--- Data to examine ---

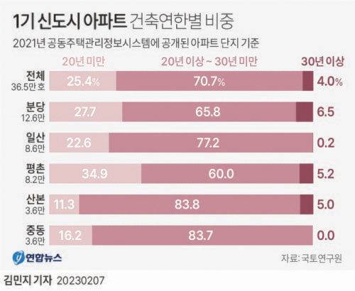 주로 1기 신도시가 적용 대상이 된다. 국토부에 따르면 성남분당, 고양일산, 안양평촌, 군포산본, 부천중동 등 5개 1기 신도시 중 30년이 지난 주택단지는 올해 말 기준 156개(13만1454가구)다. 전체 400개(27만3419가구)의 48%(가구 기준)에 이른다.
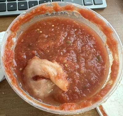 I usually like this salsa but the last two times I have purchased it, there have been issues. The last time it tasted carbonated. This time, it was leaking a little around the plastic seal and there was a strange looking mass on the top of the salsa. Might be a tomato or mold? Not sure. I’m not planning on trying it though!
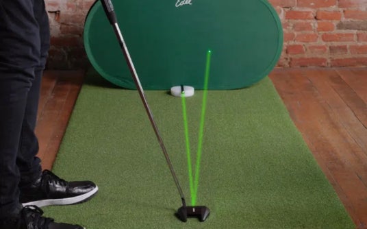 「方向性」のフィッティングでは独自開発したレーザー・ミラーを使用しながらフェースがターゲットに対して真っすぐ向けるようにヘッド・サイトラインプレート・シャフトの長さ・ライ角の調整を行っていきます。
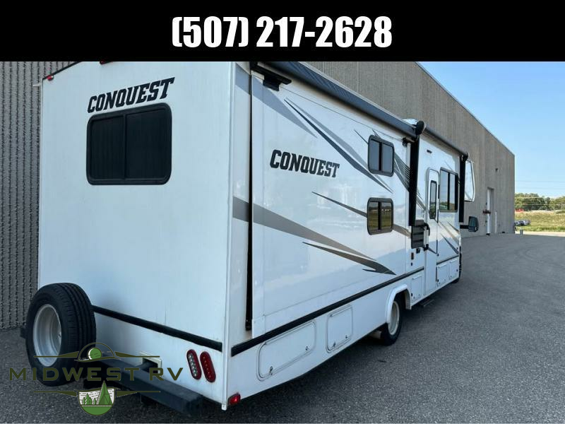 Looking for space for everyone and everything on your next road trip? With this Conquest Class C gas motorhome, you will find exterior and interior storage throughout including a bedroom wardrobe, overhead cabinets, and exterior basement storage. You will find sleeping space on the RV queen bed in the private bedroom, the set of bunk beds across from the bathroom, and the bunk over the cab. Additional sleeping space can be created when you maneuver the jackknife sofa and booth dinette into place. If you enjoy cooking, the kitchen has what you need with its flip-up countertop for more prep space and its three-burner range for sautéing your stir fry.
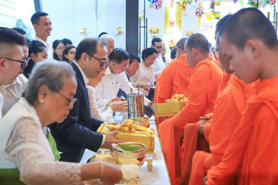 នៅក្នុងពិធីនេះ ក៏មានការយាងនិមន្តប្រោះព្រំពីសម្តេចព្រះរាជាគណៈ និងមន្រ្តីសង្ឃចំនួន ៩អង្គ និងរាប់បាត្រប្រគេនព្រះសង្ឃចំនួន ៦២អង្គ ដើម្បីអបអរសាទរពិធីបុណ្យចូលឆ្នាំថ្មីប្រពៃណីជាតិ ឆ្នាំម្សាញ់ សប្តស័កព.ស.២៥៦៩ ដែលនឹងឈានមកដល់នាពេលខាងមុខនេះ និងដើម្បីបង្សុកូលជូនដល់វិញ្ញាណក្ខន្ធថា្នក់ដឹកនាំទីស្តីការគណៈរដ្ឋមន្រ្តី រួមមាន ឯកឧត្តម អ៊ុង ផន, សម្តេចវិបុលបញ្ញា សុខ អាន និង សម្តេចចៅហ្វាវាំង វរវៀងជ័យ អធិបតីស្រឹង្គារ គង់ សំអុល ព្រមទាំងថ្នាក់ដឹកនាំ និងមន្ត្រីរាជការទាំងអស់ ដែលមានស្នាដៃចំពោះទីស្តីការគណៈរដ្ឋមន្រ្តី ហើយបានបូជាអាយុជីវិត ដើម្បីបុព្វហេតុជាតិមាតុភូមិ។ ព្រមជាមួយនោះ ព្រះ សង្ឃទ្រង់បាន ស្វាធ្យាយសត្តប្បករុណាភិធម្ម បង្សុកូល ជាកិច្ចឧទ្ទិសកុសល ផលបុណ្យជូន វិញ្ញាណ ក្ខន្ធបុព្វការីជន មាតាបិតា ជីដូនជីតា និងញាតកាទាំង៧សន្ដាន ដែលបានចែកឋាន ទៅ កាន់បរលោកខាងមុខ សូមវិញ្ញាណក្ខន្ធអ្នកទាំងអស់ បានទៅសោយសុខក្នុងឋានសុគតិភព កុំបី ឃ្លៀងឃ្លាតឡើយ។
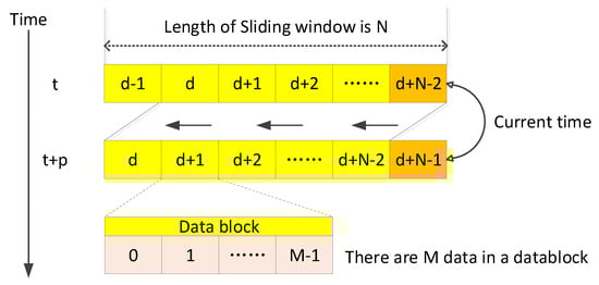 For a certain type of sensor, at every interval p (p is the data acquisition period of the sensor), the sink node will receive new data. At this time, the sliding window needs to be updated in order to ensure that the data on the right of sliding window(see in Figure 6) is the latest data. At each moment, the data block in the sliding window actually contains the data values of M different sensors.
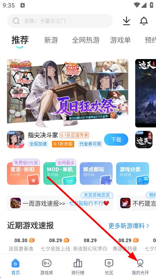 1、下載安裝好該應(yīng)用后點擊進去,進入頁面后找到我的光環(huán)選項(第一次使用需要登錄注冊);
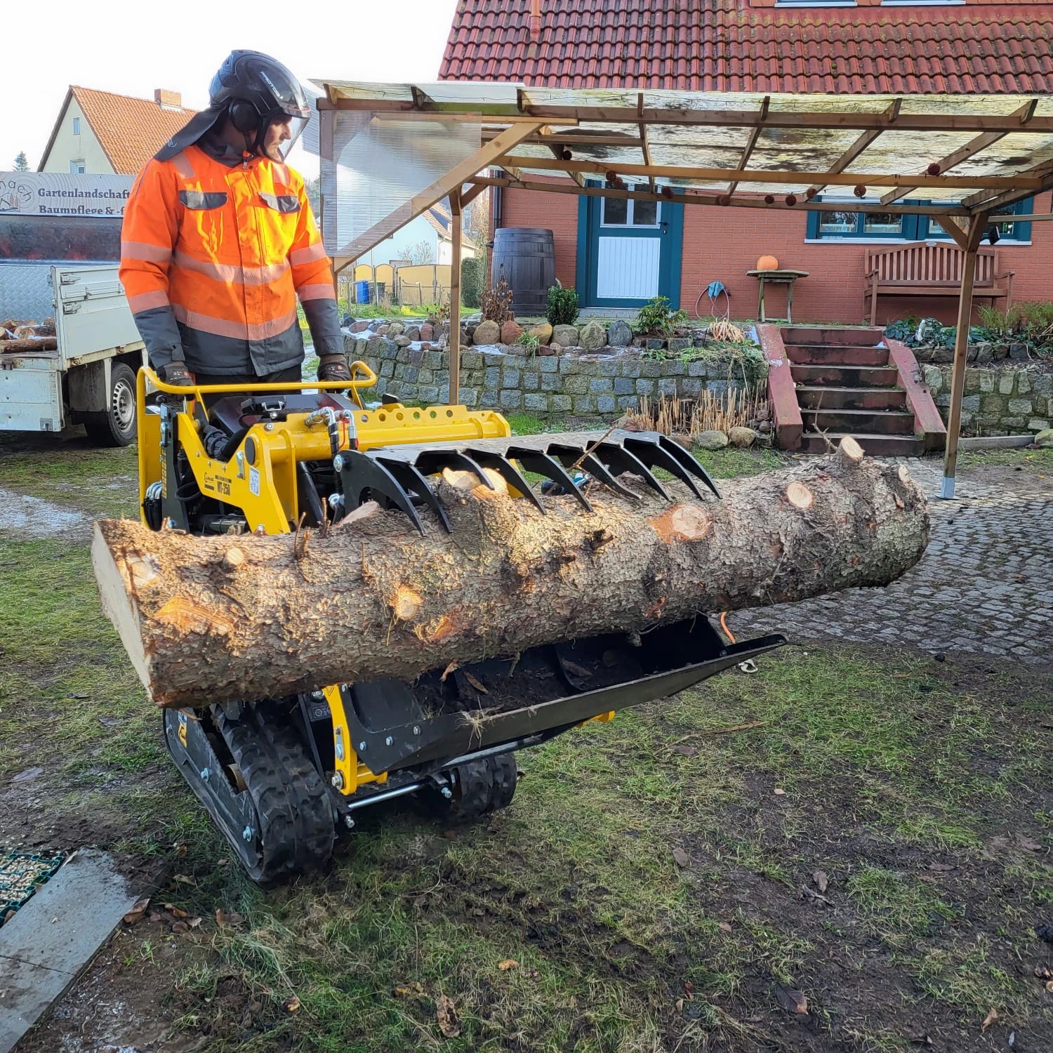 Ein Gartenbau-Notdienst sichert gefährdete Bäume, entfernt Äste und repariert beschädigte Bereiche nach Unwettern.
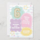 pastel varsity preppy patch notebook birthday invitation with hearts, daisies, disco ball and chequered background.

---

▶ _Exercise requirements_
Set down the material above exactly as it reads, but not its pictures.

▶ _Exercise output_
 주로 1기 신도시가 적용 대상이 된다. 국토부에 따르면 성남분당, 고양일산, 안양평촌, 군포산본, 부천중동 등 5개 1기 신도시 중 30년이 지난 주택단지는 올해 말 기준 156개(13만1454가구)다. 전체 400개(27만3419가구)의 48%(가구 기준)에 이른다.
 I usually like this salsa but the last two times I have purchased it, there have been issues. The last time it tasted carbonated. This time, it was leaking a little around the plastic seal and there was a strange looking mass on the top of the salsa. Might be a tomato or mold? Not sure. I’m not planning on trying it though!
 「方向性」のフィッティングでは独自開発したレーザー・ミラーを使用しながらフェースがターゲットに対して真っすぐ向けるようにヘッド・サイトラインプレート・シャフトの長さ・ライ角の調整を行っていきます。
 Looking for space for everyone and everything on your next road trip? With this Conquest Class C gas motorhome, you will find exterior and interior storage throughout including a bedroom wardrobe, overhead cabinets, and exterior basement storage. You will find sleeping space on the RV queen bed in the private bedroom, the set of bunk beds across from the bathroom, and the bunk over the cab. Additional sleeping space can be created when you maneuver the jackknife sofa and booth dinette into place. If you enjoy cooking, the kitchen has what you need with its flip-up countertop for more prep space and its three-burner range for sautéing your stir fry.
 នៅក្នុងពិធីនេះ ក៏មានការយាងនិមន្តប្រោះព្រំពីសម្តេចព្រះរាជាគណៈ និងមន្រ្តីសង្ឃចំនួន ៩អង្គ និងរាប់បាត្រប្រគេនព្រះសង្ឃចំនួន ៦២អង្គ ដើម្បីអបអរសាទរពិធីបុណ្យចូលឆ្នាំថ្មីប្រពៃណីជាតិ ឆ្នាំម្សាញ់ សប្តស័កព.ស.២៥៦៩ ដែលនឹងឈានមកដល់នាពេលខាងមុខនេះ និងដើម្បីបង្សុកូលជូនដល់វិញ្ញាណក្ខន្ធថា្នក់ដឹកនាំទីស្តីការគណៈរដ្ឋមន្រ្តី រួមមាន ឯកឧត្តម អ៊ុង ផន, សម្តេចវិបុលបញ្ញា សុខ អាន និង សម្តេចចៅហ្វាវាំង វរវៀងជ័យ អធិបតីស្រឹង្គារ គង់ សំអុល ព្រមទាំងថ្នាក់ដឹកនាំ និងមន្ត្រីរាជការទាំងអស់ ដែលមានស្នាដៃចំពោះទីស្តីការគណៈរដ្ឋមន្រ្តី ហើយបានបូជាអាយុជីវិត ដើម្បីបុព្វហេតុជាតិមាតុភូមិ។ ព្រមជាមួយនោះ ព្រះ សង្ឃទ្រង់បាន ស្វាធ្យាយសត្តប្បករុណាភិធម្ម បង្សុកូល ជាកិច្ចឧទ្ទិសកុសល ផលបុណ្យជូន វិញ្ញាណ ក្ខន្ធបុព្វការីជន មាតាបិតា ជីដូនជីតា និងញាតកាទាំង៧សន្ដាន ដែលបានចែកឋាន ទៅ កាន់បរលោកខាងមុខ សូមវិញ្ញាណក្ខន្ធអ្នកទាំងអស់ បានទៅសោយសុខក្នុងឋានសុគតិភព កុំបី ឃ្លៀងឃ្លាតឡើយ។
 For a certain type of sensor, at every interval p (p is the data acquisition period of the sensor), the sink node will receive new data. At this time, the sliding window needs to be updated in order to ensure that the data on the right of sliding window(see in Figure 6) is the latest data. At each moment, the data block in the sliding window actually contains the data values of M different sensors.
 1、下載安裝好該應(yīng)用后點擊進去,進入頁面后找到我的光環(huán)選項(第一次使用需要登錄注冊);
 Ein Gartenbau-Notdienst sichert gefährdete Bäume, entfernt Äste und repariert beschädigte Bereiche nach Unwettern.
 pastel varsity preppy patch notebook birthday invitation with hearts, daisies, disco ball and chequered background.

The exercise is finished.